To test the concept, Laughlin spent a few hundred dollars on Reddit ads targeting fantasy football subreddits, inviting others to try it and share feedback.

“I’ve gotten actually pretty strong feedback from people who say it resonates with them,” Laughlin says. “Like they read their own profile and say it’s actually kind of true and kind of weirdly accurate. They don’t have objections to it, but people aren’t incentivized to share it because if you share with your league, you’re giving away the competitive advantage.”

AI in fantasy football isn’t entirely new. Back in 2015, IBM Watson rolled out tools that crunched data from Twitter activity, coaching stats, football articles, and more. Today, IBM is in its ninth year of a partnership with ESPN. Its Watsonx platform now powers features like an “AI Weekly Preview” and data-driven categories suggesting which players to add, drop, or trade.

But now those tools are reaching scale. Roughly 13 million fantasy players use IBM features (up from 12 million last year), according to Kameryn Stanhouse, IBM’s vice president of sports and entertainment partnerships. Behind the recommendations: 36 billion data points, from player stats and team performance to news coverage, media sentiment, and injury reports.

“There are the typical stats that you’re getting that everyone has access to,” Stanhouse says. “But also the ability to use that unstructured data and be able to scan the web and understand what reporters are saying. If players are getting a lot of positive media sentiment there, we’re attributing value to those as opposed to others.”
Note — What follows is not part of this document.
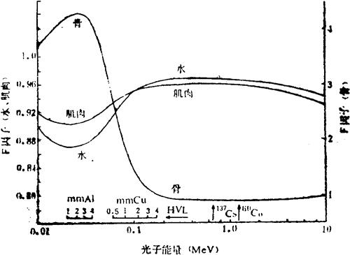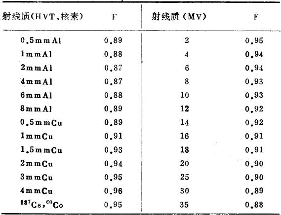 释义 | 放射剂量单位与测量 1.3.1 照射量 照射量(X)指能量小于3MeV的X或γ射线,在质量为dm的小体积空气中释放出来的全部电子(负电子和正电子)完全被空气阻止时,在空气中产生一种符号离子的总电荷dQ的绝对值。单位为伦琴,用下式表示: 1伦琴(R)=2.58×10-4库伦·千克-1 1.3.2 吸收剂量 吸收剂量(D)是电离辐射授予单位质量物质dm的平均能量 吸收剂量的国际单位制为戈瑞(Gy),它与旧单位拉德(rad)的关系为: 1Gy=1焦耳·千克-1=100rad 1rad=10-2焦耳·千克-1=10-2Gy=1厘戈瑞(cGy) 吸收剂量(D)和照射量(X)的关系为: D=X·F (2) 其中,F是伦琴-厘戈瑞转换因子,它与射线质和吸收物质有关。图1-1是骨、肌肉和水中伦琴-厘戈瑞转换因子曲线。 图1-1 骨、肌肉与水中伦琴-厘戈瑞转换因子 1.3.3 吸收剂量的测量 采用空腔电离室剂量仪测量照射量,再转换成吸收剂量。照射量不应作为剂量单位用于放疗,仅作为测量吸收剂量的手段。 小于2MV X射线的测量 (1)电离室用相应半值厚的X射线与标准仪表比对,获得仪表刻度系数N值。 (2)在空气中,电离室置参考点测量照射量,将仪表读数(R)转换成参考点吸收剂量(D0)。单位为cGy,即: D0=R·N·K·F·B (3) 式中,R-参考点仪表读数;K-空气温度、气压修正因子;F-伦琴-厘戈瑞转换因子(表1-2);B-反向散射因子(附表1-2)。 表1-2 水中X、γ射线伦琴-厘戈瑞转换因子F 大于2MV射线的测量 (1)电离室用2MV X射线或钴-60γ射线与标准仪表比对,获得仪表刻度系数N值。 (2)电离室置水模中射野中心轴校准深度测量,将仪表读数转换成吸收剂量(D。)。单位为cGy,即: X、γ射线:D。=R·N·K·F (4) 电子束:D。=R·N·K·CE·P (5) (3)将校准点收吸剂量(D。)换算成参考点吸收剂量(D0),即: 式(4)、(5)、(6)中,R-校准点仪表读数;CE-电子束“伦琴”-厘戈瑞转换因子(表1-3);P-电离室扰动因子 表1-4);Pc-校准点百分深度量。 表1-3 水中电子束“伦琴”-厘戈瑞转换因子cE 表1-4 水中不同能量电子电离室扰动因子P N、K、F同式(3),各种能量射线参考点与校准点深度列于表1-5和表1-6中。 表1-5 X、γ射线水中参考深度 表1-6 水中校准深度 1.3.4 射线质的确定 对千伏级X射线常用半值厚表示穿透能力,半值厚指在空气中使原射线量减弱一半所需要的某种吸收材料的厚度。对大于2MV的X射线多用半峰值水深法确定射线质,即在标准源皮距(SSD=100cm)、射野面积10cm×10cm条件下,测量水模内射野中心轴上50%峰值剂量深度,根据此深度再查出相应X射线MV值(表1-7)。放射性核素直接用平均能量表示射线质。对于高能电子束,入射电子能量(E0)可根据E0=2.5·HVD计算,HVD指电子束在水模中电离能力减弱一半所需水层厚度(cm)。 表1-7 50%峰值剂量深度对应X射线MV值表 |

“People treat AI as an Oracle”

Startups are also pushing into fantasy sports from other industries. Sourcetable, originally built for stock traders and hedge funds, now offers its AI-driven spreadsheet platform with features tailored to fantasy football. By pulling data from ESPN, Sleeper, and Yahoo, the tool enables deeper modeling and real-time insights. Founder and CEO Eoin McMillan sees potential to expand into other sports, though he acknowledges some trade-offs.

“Maybe I’m just nostalgic, but I do think we lose some excitement from the game as we move increasingly toward stats management,” McMillan says. “On the other hand, Brady and Belichick were clearly early at being disciplined on this game-manager-mode trend, and the results showed.”

Others are building tools to rethink how lineups come together in real time. Phoenix-based data scientist Ben Jensen, for example, created a “draft optimizer” to help assemble a balanced roster during live drafts—something traditional player projections rarely address. His tool accounts for roster constraints, models hypothetical picks from rival managers, and reflects his personal preferences with tags ranging from “strongly like” to “strongly dislike.” It also simulates whether to take or wait on certain players.

Jensen notes that he used AI mainly for coding, not for decision-making. That distinction, he says, prevents blind trust in a system with its own risks. “Too often people treat AI as an oracle instead, and then get frustrated when it isn’t a magic bullet,” he says. “To whatever extent I inform my strategies with AI, I still am accountable for the outcome.”